Уже неоднократно делались попытки создать «теорию управления» критическими системами и глобальными катастрофами. Но одно дело стремиться их предотвращать или снижать риски потерь от них, и совсем другое - управлять тем, что осталось после глобальной катастрофы! Проблема критической ситуации состоит в том, что в ее ходе среда обитания начинает «управлять» теми, кто только что рассматривал ее как некоторую инертную данность.

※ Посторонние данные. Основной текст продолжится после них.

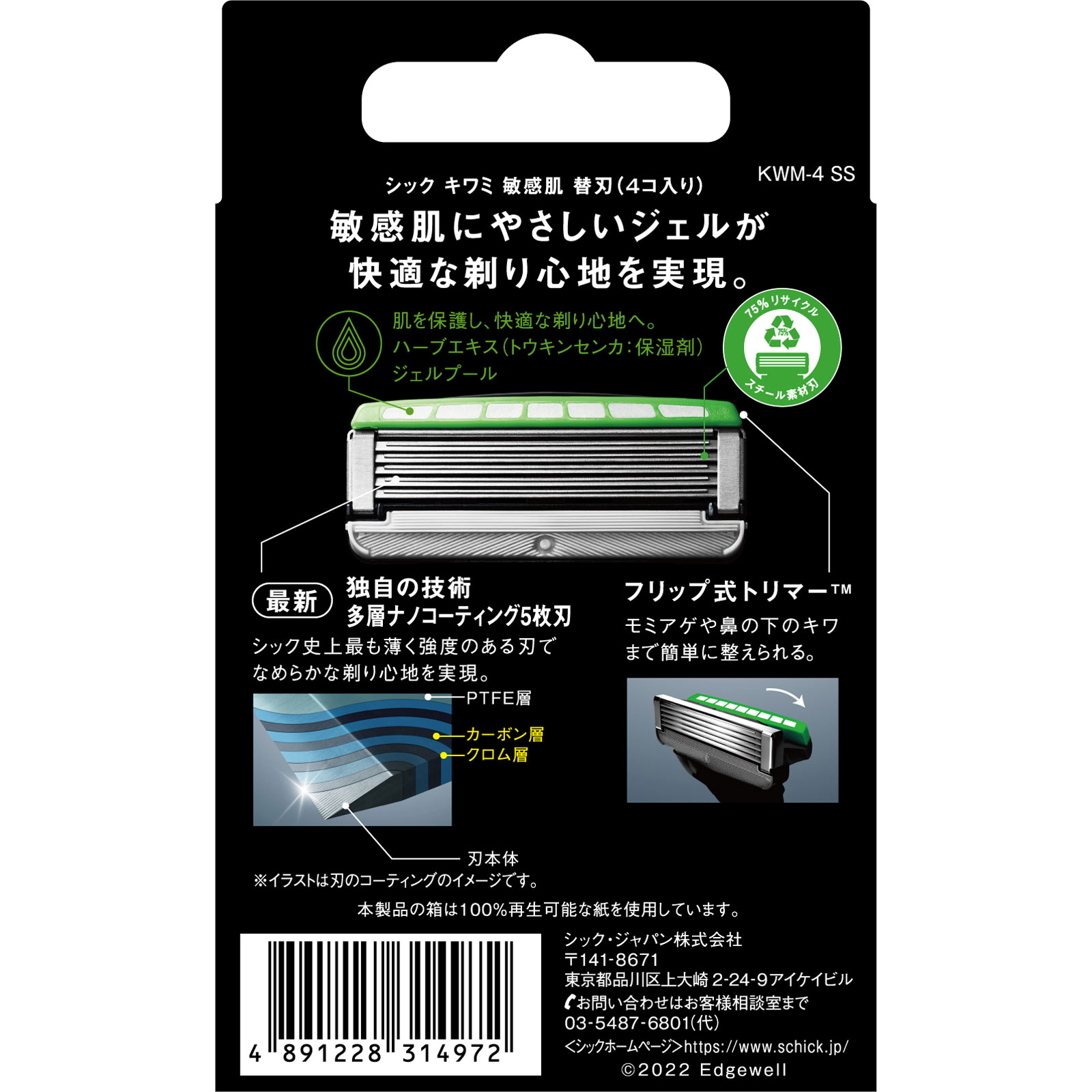 敏感肌用*1*1 皮膚学的な皮膚刺激テスト済み(全ての人に刺激がおきないというわけではありません)敏感肌にやさしいジェルが快適な剃り心地を実現。○肌を保護し、快適な剃り心地へ。ハーブエキス(トウキンセンカ:保湿剤)ジェルプール○75%リサイクル スチール素材刃○最新 独自の技術 多層ナノコーティング5枚刃シック史上最も薄く強度のある刃でなめらかな剃り心地を実現。○フリップ式トリマーモミアゲや鼻の下のキワまで簡単に整えられる。

Как было уже показано многими авторами [Beck, 1992, 1999; Giddens, 1994; Beck et al., 1994], состояние современной глобальной СБТ-системы характеризуется такими основными признаками, как ее неустойчивость, непредсказуемость и, следовательно, нелинейный характер ее динамики (отягощенный непредвидимыми поворотами и бифуркациями). Соответственно, привычные для социолога системы аналитических координат, применяемые в социологических исследованиях (типа «большое-малое», «меньше-больше», «ближе-дальше», «мы-они» и т. п.) в условиях нелинейной динамики сложного целого, неприменимы. Более того, если глобальная система непредсказуема, значит, она практически неуправляема при помощи наличных инструментов.

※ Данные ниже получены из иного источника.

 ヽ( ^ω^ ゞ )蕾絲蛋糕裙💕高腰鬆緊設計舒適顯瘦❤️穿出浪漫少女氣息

Методологически для понимания критического состояния глобальной системы, исследователь должен подходить к объекту своего исследования диалектически, т.е. «сверху», анализируя глобальные проявления этого состояния (резкие изменения климата, техногенные катастрофы с глобальными последствиями, изменение геополитической карты мира, массовые трансграничные миграции), и «снизу», изучая возможные причины или источники этого состояния in situ. С моей точки зрения, неправы те, кто делает акцент на изучении преимущественно глобальных трансформаций, поскольку, как отмечалось выше, сегодня благодаря новым технологиям, «малое» (отдельный человек, малая группа) может спровоцировать риски глобального масштаба. Поэтому параллельно с анализом глобальных процессов я изучал типичные критические состояния современного города и отдельных групп его населения [Яницкий, 2017].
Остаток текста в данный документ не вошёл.